> **Required action**:
Print each line below verbatim, skipping every picture.

Top of Collected material

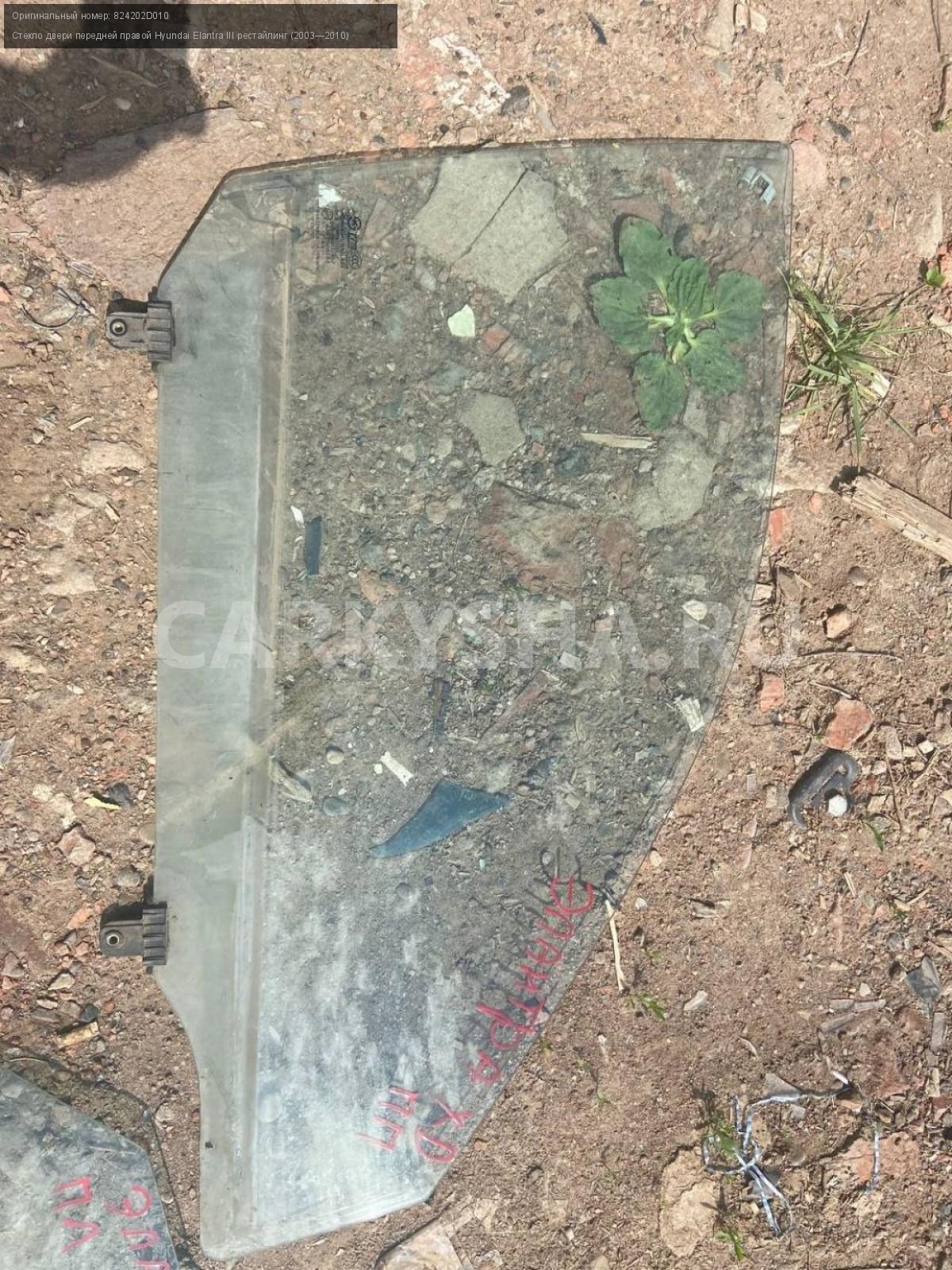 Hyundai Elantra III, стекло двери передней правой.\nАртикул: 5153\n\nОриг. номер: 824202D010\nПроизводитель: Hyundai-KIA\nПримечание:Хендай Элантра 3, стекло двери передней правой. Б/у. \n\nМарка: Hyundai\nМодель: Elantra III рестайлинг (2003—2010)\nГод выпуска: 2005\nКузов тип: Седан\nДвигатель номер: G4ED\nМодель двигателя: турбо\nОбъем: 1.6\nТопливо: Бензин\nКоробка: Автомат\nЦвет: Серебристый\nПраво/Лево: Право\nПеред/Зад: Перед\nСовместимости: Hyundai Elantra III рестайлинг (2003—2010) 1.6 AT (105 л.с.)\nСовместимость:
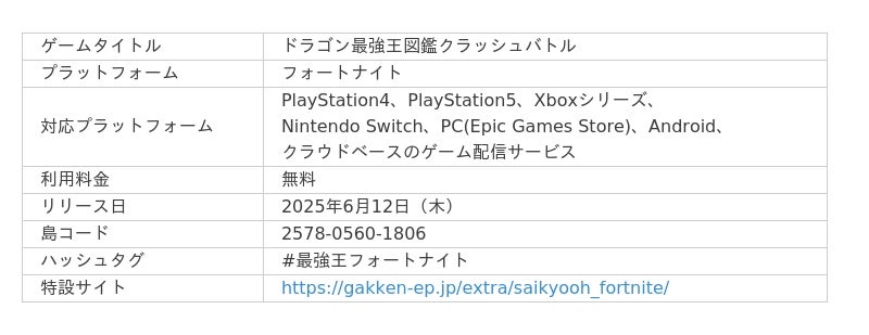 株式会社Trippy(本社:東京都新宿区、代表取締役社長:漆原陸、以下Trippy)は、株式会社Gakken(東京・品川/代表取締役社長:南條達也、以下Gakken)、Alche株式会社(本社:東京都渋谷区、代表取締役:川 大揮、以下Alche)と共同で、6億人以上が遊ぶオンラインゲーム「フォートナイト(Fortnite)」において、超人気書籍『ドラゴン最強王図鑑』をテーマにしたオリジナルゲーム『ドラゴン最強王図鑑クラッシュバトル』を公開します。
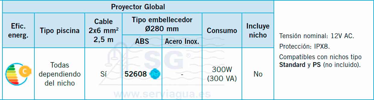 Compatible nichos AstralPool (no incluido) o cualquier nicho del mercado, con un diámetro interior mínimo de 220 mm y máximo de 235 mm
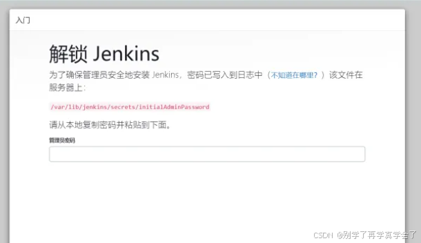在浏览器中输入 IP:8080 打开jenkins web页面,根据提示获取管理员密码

Bottom of Collected material

> **Reply**:
 Hyundai Elantra III, стекло двери передней правой.\nАртикул: 5153\n\nОриг. номер: 824202D010\nПроизводитель: Hyundai-KIA\nПримечание:Хендай Элантра 3, стекло двери передней правой. Б/у. \n\nМарка: Hyundai\nМодель: Elantra III рестайлинг (2003—2010)\nГод выпуска: 2005\nКузов тип: Седан\nДвигатель номер: G4ED\nМодель двигателя: турбо\nОбъем: 1.6\nТопливо: Бензин\nКоробка: Автомат\nЦвет: Серебристый\nПраво/Лево: Право\nПеред/Зад: Перед\nСовместимости: Hyundai Elantra III рестайлинг (2003—2010) 1.6 AT (105 л.с.)\nСовместимость:
 株式会社Trippy(本社:東京都新宿区、代表取締役社長:漆原陸、以下Trippy)は、株式会社Gakken(東京・品川/代表取締役社長:南條達也、以下Gakken)、Alche株式会社(本社:東京都渋谷区、代表取締役:川 大揮、以下Alche)と共同で、6億人以上が遊ぶオンラインゲーム「フォートナイト(Fortnite)」において、超人気書籍『ドラゴン最強王図鑑』をテーマにしたオリジナルゲーム『ドラゴン最強王図鑑クラッシュバトル』を公開します。
 Compatible nichos AstralPool (no incluido) o cualquier nicho del mercado, con un diámetro interior mínimo de 220 mm y máximo de 235 mm
在浏览器中输入 IP:8080 打开jenkins web页面,根据提示获取管理员密码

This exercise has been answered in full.